Hi,
COLOUR, GRAYSCALE, OR B+W?
It depends on what you want to get out of the text. Some texts need to be in color (slow), some are printed with absurdly narrow margins that make words get blacked out in the gap between pages (grayscale is good here), and some books lay flat and come out beautifully (B+W fast). It depends on what you are working with. In general, though, I do B+W. The files are perfectly legible, they are small, and the OCR works fine. One note of caution to iPad 1 owners: Grayscale and color scans sometimes cause PDFs to crash (incompatible elements and/or RAM issues), so you will need to optimize those files for earlier versions of Acrobat (no big deal, but you may want to keep a copy of the original file somewhere, because it will affect the quality of the scan).
FILE FORMATS
PDF is the best (in my opinion), but if a device doesn't have that, I'd probably go for JPG. It depends on what you are scanning.

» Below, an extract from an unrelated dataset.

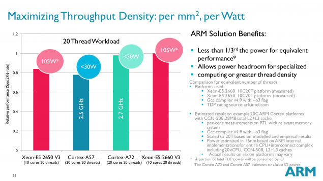 With processors from Intel, ARM directly on the field of energy efficiency. It is clear that we can not directly compare the performance of processors Intel Core M (Broadwell-Y) or Xeon E5 v3 (Haswell). But you can try to compare consumption when performing certain tasks. According to ARM, Cortex-A72 core outperforms several core Broadwell-Y on a background of about four times smaller consumption. Comparison with cores Haswell by Intel Xeon E5 v3 shows a threefold advantage cores ARM Cortex-A72 in terms of maximum throughput per square millimeter crystal surface (W / sq. mm). All of the above conveniently fits in your outline plans to enter the market of laptops and servers.

BMP files will be huge, but they will preserve photographs well. JPG files are compressed, so might not give clear pictures, but for words it is usually just fine, especially on a B+W setting. Test it out on your device, though, to ensure the best results.
CONVERSIONS
I recommend Adobe Acrobat Pro X, especially if you can get it with a student discount (check your university or order online). It has a huge number of features, but mainly I use it to combine files (especially if I used a digital camera or scanner with JPEG) into a PDF, insert an outline (makes viewing on the iPad very convenient), OCR (it also conveniently straightens up pages and flips them to the correct orientation), and optimization. I am sure there are other products out there, and sometimes a stripped down version with limitations is bundled with stuff (ScanSnap, for example), but I have found the full version worth the investment.
APPS
I am very intrigued by the potential of iAnnotate. However, because it doesn't sync with my backup service (Sugarsync), I have not switched to it, and I remain a GoodReader user. I am pretty pleased with it. What I do is dump all of my files into the iPad using GoodReader USB (OSX) or iTunes (I want to get reading right away). I put everything into a folder, and then I sync that folder to Sugarsync. The syncing process can take a while if you have a lot of files, but eventually everything will get synced up with Sugarsync and any other devices you have setup to sync with the folder. So, any annotations I put in a file will automatically appear in the files everywhere else. Sweet.
Obviously, the same process can be used with Dropbox. When my contract is up with Sugarsync, I will probably switch to Dropbox, because it is so well integrated with a lot of the apps I use.